*Data supplied*.
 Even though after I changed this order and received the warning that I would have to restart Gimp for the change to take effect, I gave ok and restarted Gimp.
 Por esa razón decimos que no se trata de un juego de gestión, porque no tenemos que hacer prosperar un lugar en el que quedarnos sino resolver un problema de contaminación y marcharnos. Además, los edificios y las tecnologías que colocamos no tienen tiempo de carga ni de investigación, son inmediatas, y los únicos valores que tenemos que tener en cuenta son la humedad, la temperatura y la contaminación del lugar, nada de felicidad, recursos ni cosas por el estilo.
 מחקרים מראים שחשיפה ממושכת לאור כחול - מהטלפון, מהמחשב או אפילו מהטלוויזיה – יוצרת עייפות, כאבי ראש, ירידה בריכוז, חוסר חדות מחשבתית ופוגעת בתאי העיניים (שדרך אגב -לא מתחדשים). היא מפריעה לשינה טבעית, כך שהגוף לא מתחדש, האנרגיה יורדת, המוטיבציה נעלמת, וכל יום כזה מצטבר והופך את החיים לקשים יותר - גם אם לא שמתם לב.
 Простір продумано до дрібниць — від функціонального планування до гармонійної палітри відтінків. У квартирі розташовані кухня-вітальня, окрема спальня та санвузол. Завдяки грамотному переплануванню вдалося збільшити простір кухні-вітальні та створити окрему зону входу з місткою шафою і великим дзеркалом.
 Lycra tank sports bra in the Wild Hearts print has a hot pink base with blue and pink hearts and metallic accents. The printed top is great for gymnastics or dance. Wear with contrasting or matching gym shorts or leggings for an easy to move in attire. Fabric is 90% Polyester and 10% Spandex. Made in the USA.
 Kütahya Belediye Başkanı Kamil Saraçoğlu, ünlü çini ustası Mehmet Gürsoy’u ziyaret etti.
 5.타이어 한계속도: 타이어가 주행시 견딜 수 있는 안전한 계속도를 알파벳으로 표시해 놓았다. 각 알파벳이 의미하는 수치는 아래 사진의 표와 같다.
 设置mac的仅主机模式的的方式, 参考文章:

*Instructions for the task*.
Your response should consist of the data above, duplicated exactly.

*Expected output*.
 Even though after I changed this order and received the warning that I would have to restart Gimp for the change to take effect, I gave ok and restarted Gimp.
 Por esa razón decimos que no se trata de un juego de gestión, porque no tenemos que hacer prosperar un lugar en el que quedarnos sino resolver un problema de contaminación y marcharnos. Además, los edificios y las tecnologías que colocamos no tienen tiempo de carga ni de investigación, son inmediatas, y los únicos valores que tenemos que tener en cuenta son la humedad, la temperatura y la contaminación del lugar, nada de felicidad, recursos ni cosas por el estilo.
 מחקרים מראים שחשיפה ממושכת לאור כחול - מהטלפון, מהמחשב או אפילו מהטלוויזיה – יוצרת עייפות, כאבי ראש, ירידה בריכוז, חוסר חדות מחשבתית ופוגעת בתאי העיניים (שדרך אגב -לא מתחדשים). היא מפריעה לשינה טבעית, כך שהגוף לא מתחדש, האנרגיה יורדת, המוטיבציה נעלמת, וכל יום כזה מצטבר והופך את החיים לקשים יותר - גם אם לא שמתם לב.
 Простір продумано до дрібниць — від функціонального планування до гармонійної палітри відтінків. У квартирі розташовані кухня-вітальня, окрема спальня та санвузол. Завдяки грамотному переплануванню вдалося збільшити простір кухні-вітальні та створити окрему зону входу з місткою шафою і великим дзеркалом.
 Lycra tank sports bra in the Wild Hearts print has a hot pink base with blue and pink hearts and metallic accents. The printed top is great for gymnastics or dance. Wear with contrasting or matching gym shorts or leggings for an easy to move in attire. Fabric is 90% Polyester and 10% Spandex. Made in the USA.
 Kütahya Belediye Başkanı Kamil Saraçoğlu, ünlü çini ustası Mehmet Gürsoy’u ziyaret etti.
 5.타이어 한계속도: 타이어가 주행시 견딜 수 있는 안전한 계속도를 알파벳으로 표시해 놓았다. 각 알파벳이 의미하는 수치는 아래 사진의 표와 같다.
 设置mac的仅主机模式的的方式, 参考文章:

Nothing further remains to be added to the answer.